» Provided records
+===+

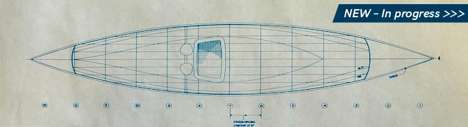 Built using the non-traditional method of full-length stringers supported by plywood cross sections covered with polyester – a light, tough, easy-to-build kayak.
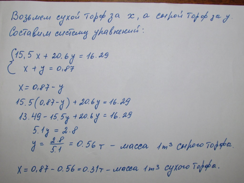 15,5 куб. м. сухого и 20,6 куб. м. сырого торфа имеют массу 16,29 т. Определите отдельную массу 1 куб. м. сухого и 1 куб. м. сырого торфа, если их общая масса 0,87 т?
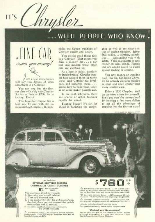 …with the holidays a memory and the Depression still lingering, most of the automobile ads touted economy over luxury, however Chrysler claimed you could have both with this $760 model…
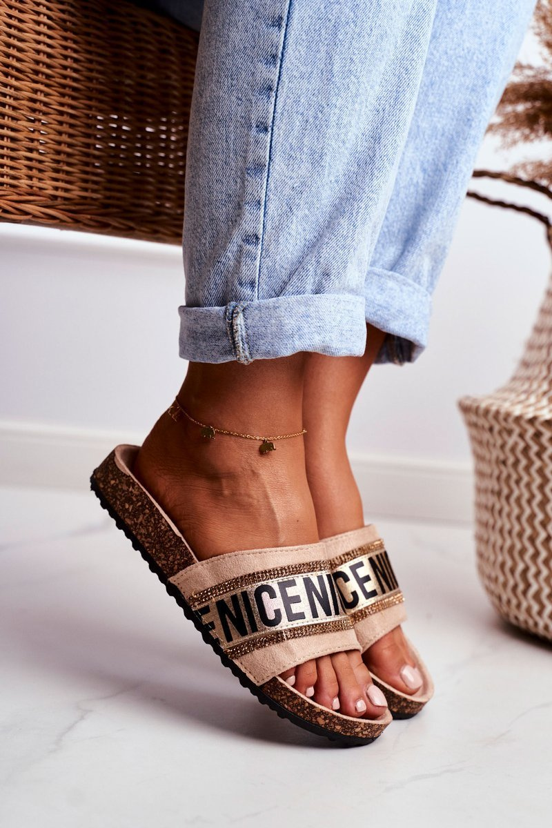 Pohodlné dámske papuče na korkovej podrážke. Topánky sú vyrobené z ekologického semišu, majú mierne profilovanú vložku. Móda módy so zirkónmi bude diverzifikovať váš šatník!
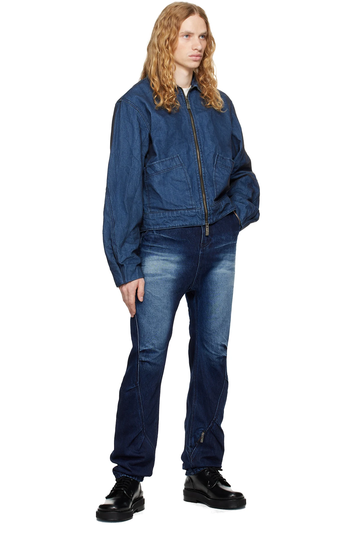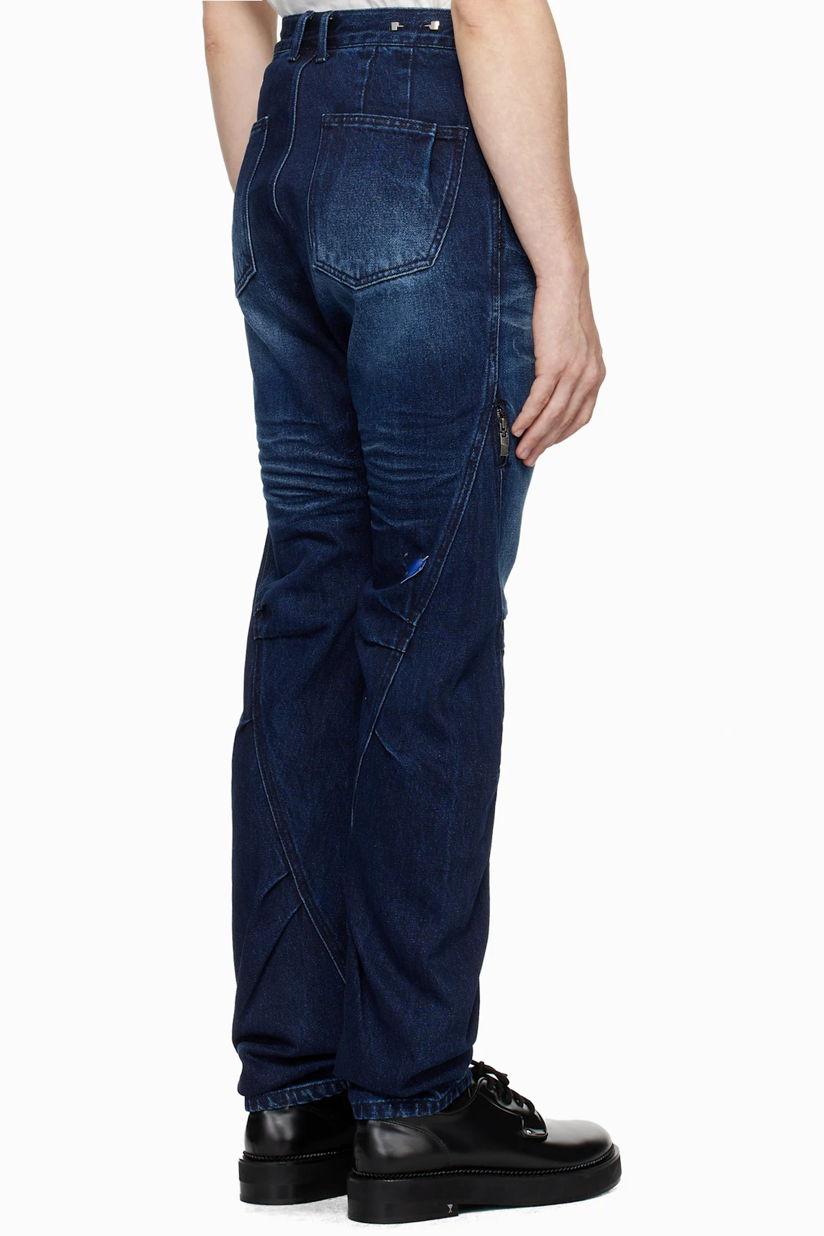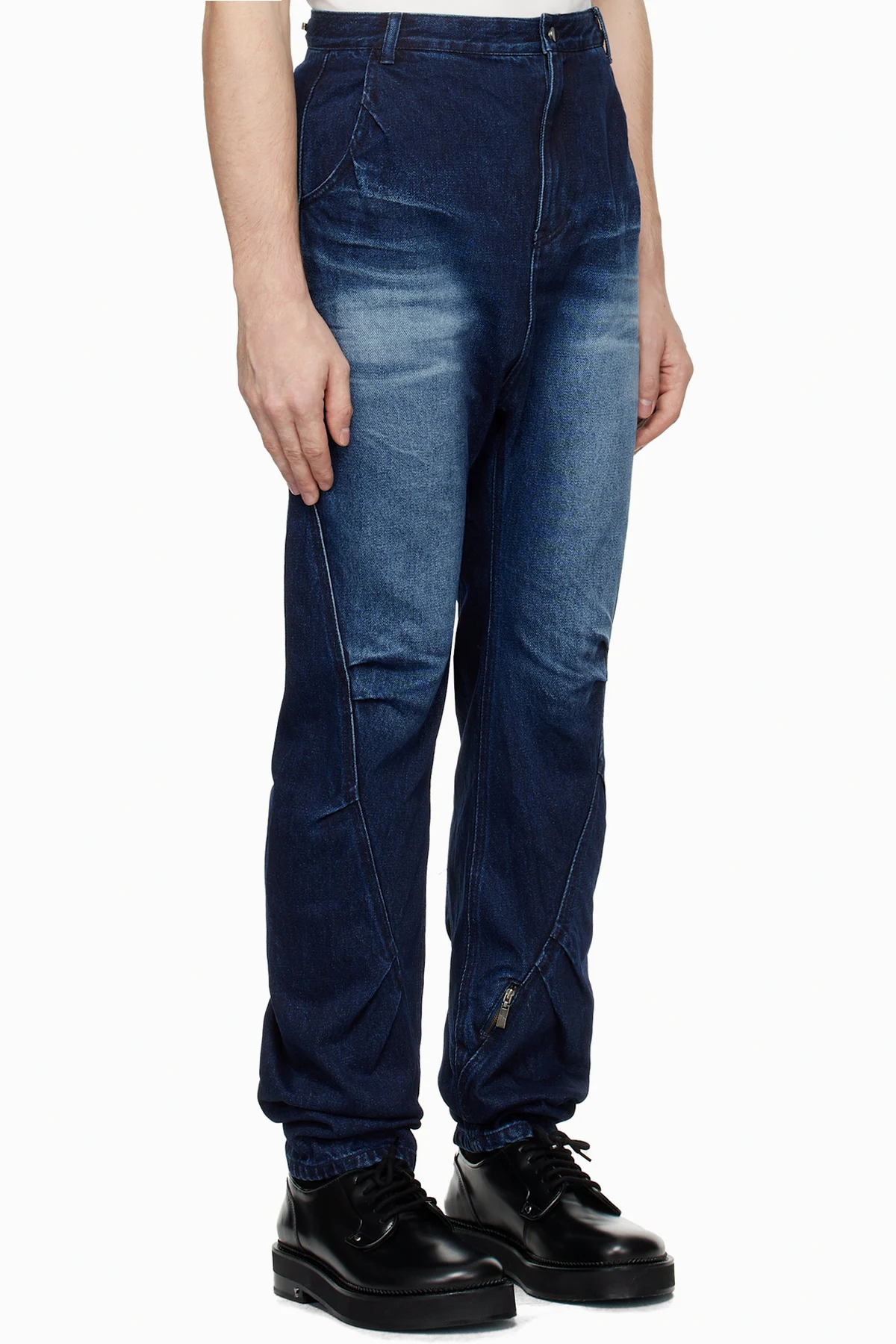 Non-stretch denim jeans. Fading, gathering, and whiskering throughout.
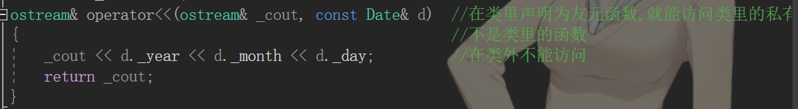 - 不是类里的函数,不能在类外访问类里的私有的成员变量,所以有了友元函数,在类里把这个函数声明一下就行了
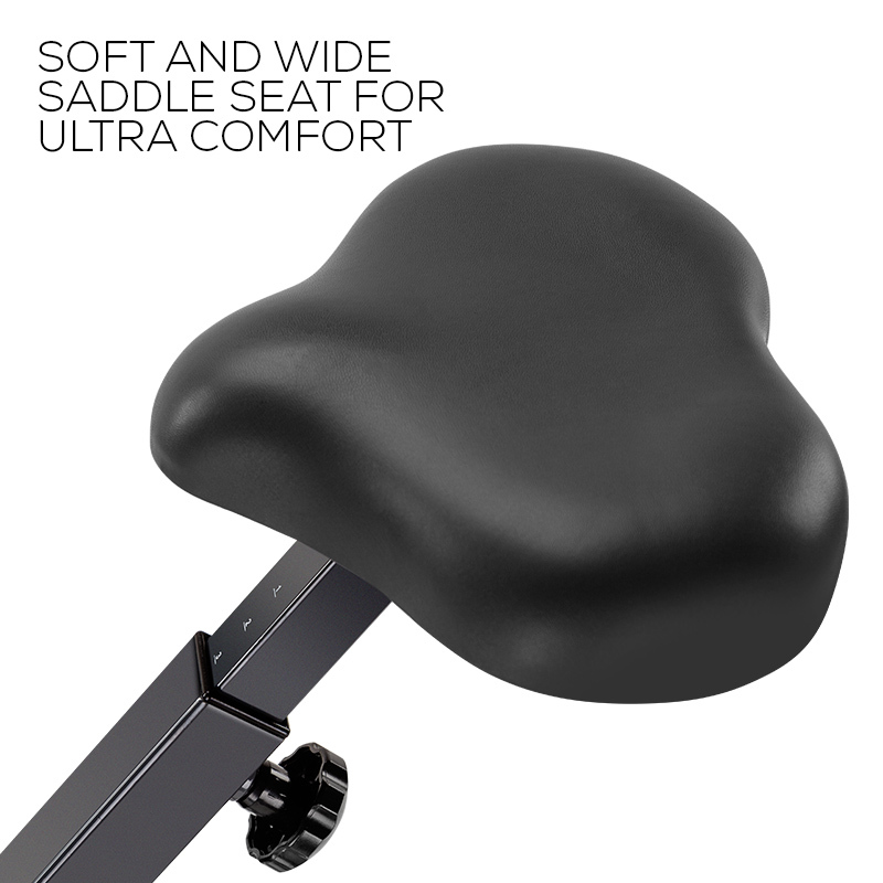 The folding magnetic exercise bike offers a compact and space-saving solution for home cardio workouts. It features an adjustable magnetic resistance system, a comfortable large seat, and a sturdy frame. The LCD monitor tracks essential workout metrics, and the bike can be easily folded for convenient storage, making it suitable for users of various sizes and fitness levels.
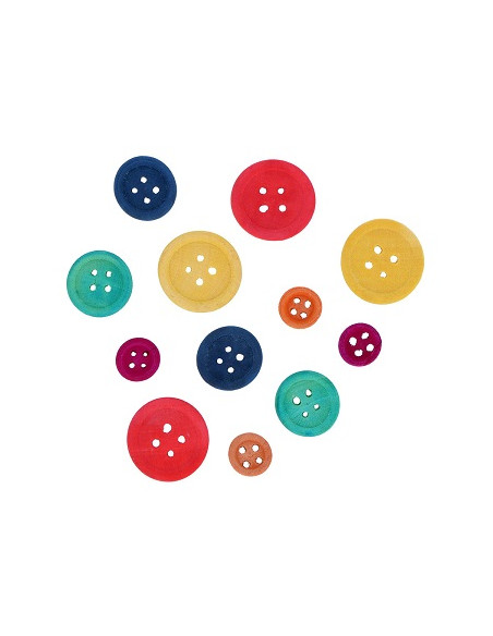 Botones de madera de colores de alta calidad para todo tipo de manualidades. INCLUYE 12 botones 12 mm. 12 botones 18 mm. 6 botones 22 mm. 6 colores distintos
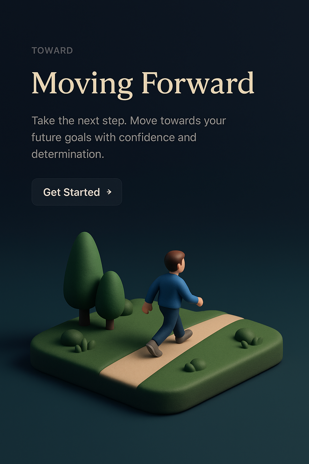 /Collection: /by davooda/Type: PNG/A visually engaging 3D scene featuring a small figure walking on a path surrounded by simple greenery against a dark background, conveying a sense of movement and purpose.
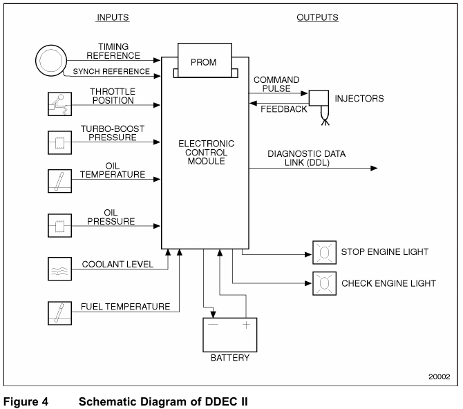DDEC II also controls the timing and amount of fuel injected into each cylinder. The system also monitors several engine sensors that send electrical signals to the main ECM. See Figure 4. Unlike DDEC I, the DDEC II ECM uses this information to actuate the EUI solenoids. DDEC II incorporates all of the control electronics into one engine mounted ECM instead of the ECM and EDU that are required in DDEC I. The ECM also has the ability to limit or shut down the engine completely (depending on option selection) in the case of damaging engine conditions, such as low oil pressure, low coolant level, or high oil temperature.
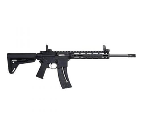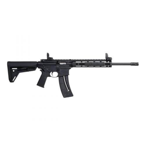 The Smith & Wesson M&P 15-22 Sport Moe SL Matte Black, 25 Round Semi Auto Rifle, .22 LR is the best rifle for recreational shooting. Chambered in .22 LR, the S&W M&P 15-22 Sport MOE  features a 10″ M&P Slim Handguard with MAGPUL M-LOK, MAGPUL MBUS folding sights, MAGPUL MOE SL Stock (MOE Slim Line), and MAGPUL MOE SL Grip. This model, Smith and Wesson M&P 15-22 MOE SL, is built with a 6-Position CAR Stock, functioning charging handle, shell deflector, armornite barrel finish, and a 2-position, receiver mounted safety lever. Smith & Wesson M&P 15-22 Sport Moe SL Matte Black, 25 Round Semi Auto Rifle, .22 LR is compatible with most standard AR15 components and accessories; this model is also easy to mount M-LOK accessories. 2″ M-LOK rail panel and MAGPUL M-LOK Type 2 rail covers included — includes 6 panels, each panel covers one M-LOK slot. All Smith & Wesson firearms are backed by their S&W Lifetime Service Policy.
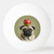 Der sonnige Mops mit einem Apfel, der auf seinem Kopf ausbalanciert.
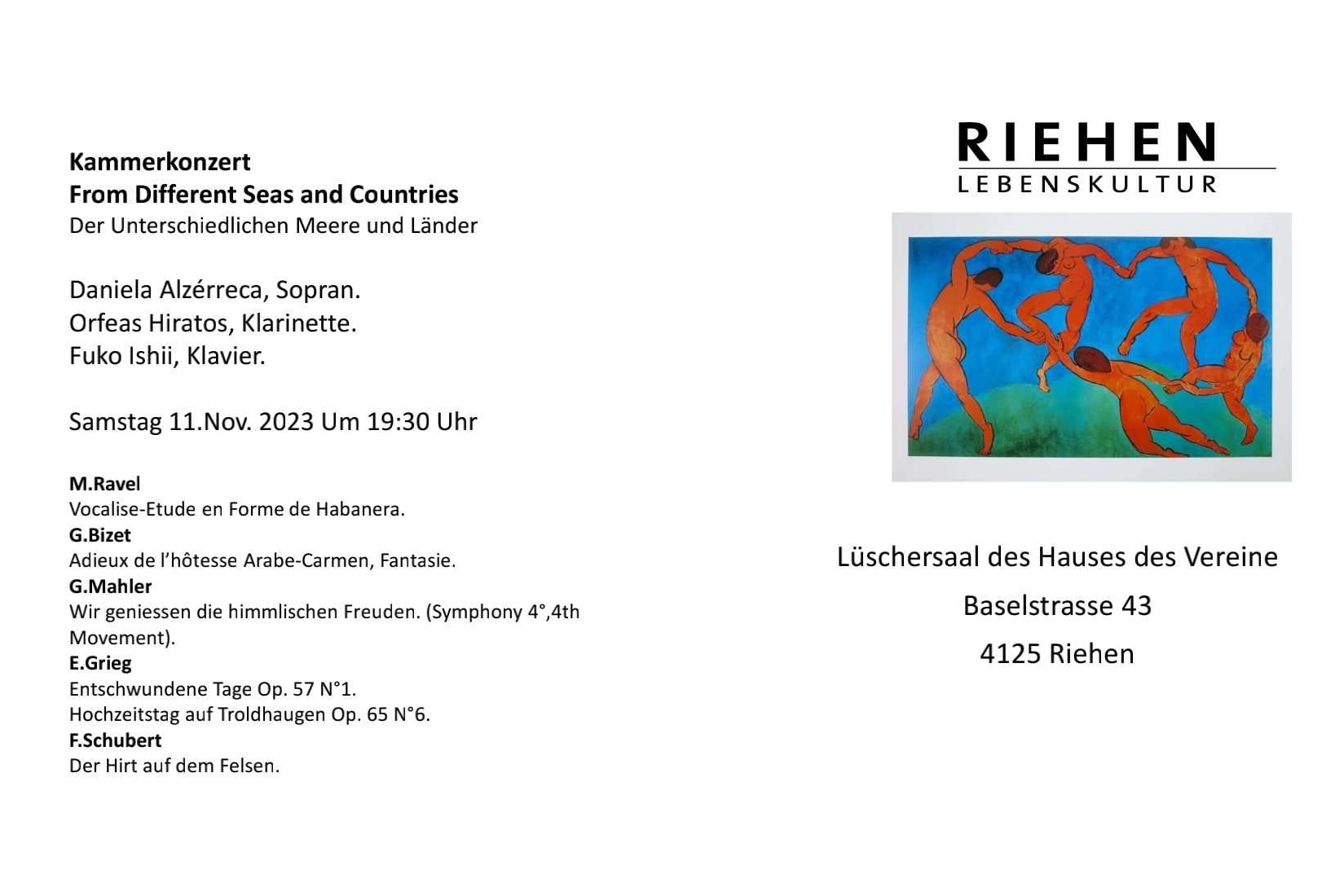 Haus der Vereine, Lüschersaal, Baselstrasse 43, 4125 Riehen
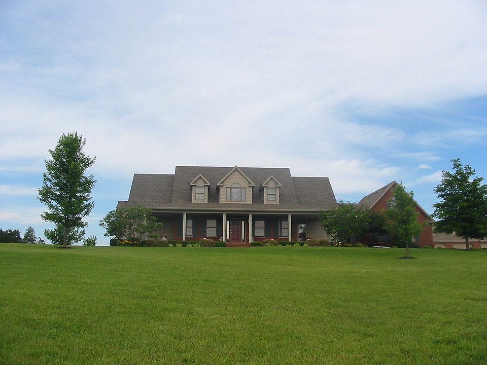 4 BD, 3 BA home on 5 acres close to Bluegrass Parkway. Featuring a large great room with cathedral ceiling, gas fireplace and built-ins. First floor Master bedroom with trey ceiling and large bath. Large eat in kitchen with custom cabinets, formal dining room, two story entrance, large utility room w/custom cabinets, bonus room, lots of crown molding, 3 walk-in closets, covered front and back porches, pond with deck, 3 bay detached garage 36 x 40. Beautifully landscaped and well maintained.
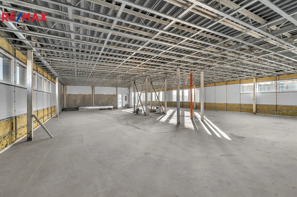 Celková užitná plocha budovy ve dvou patrech činí 876,7 m² a stojí na pozemku o výměře 1004 m². Zastavěná plocha je 451 m². Před budovou je k dispozici parkoviště pro 8 osobních aut. Interiér stavby je v současnosti nedokončený, což umožňuje naprostou volnost při plánování dispozic. Budova má zděný střed se schodištěm do patra, ostatní části jsou postaveny z ocelové konstrukce a opláštěny panely Kingspan, což zajišťuje energetickou úspornost a moderní vzhled. V přízemí se nachází vstup z parkoviště, tři vjezdy do prostor pro sklad a výdej zboží. V patře je navržený kancelářský prostor, sociální zázemí a další místnosti, které lze upravit podle vlastního projektu či specifických potřeb.

+===+

» What needs to be done
Give back exactly the lines above that run from the one with "15,5 куб. м." to the one with "Non-stretch denim jeans.", including both, with the pictures left out.

» Finished task
 15,5 куб. м. сухого и 20,6 куб. м. сырого торфа имеют массу 16,29 т. Определите отдельную массу 1 куб. м. сухого и 1 куб. м. сырого торфа, если их общая масса 0,87 т?
 …with the holidays a memory and the Depression still lingering, most of the automobile ads touted economy over luxury, however Chrysler claimed you could have both with this $760 model…
 Pohodlné dámske papuče na korkovej podrážke. Topánky sú vyrobené z ekologického semišu, majú mierne profilovanú vložku. Móda módy so zirkónmi bude diverzifikovať váš šatník!
 Non-stretch denim jeans. Fading, gathering, and whiskering throughout.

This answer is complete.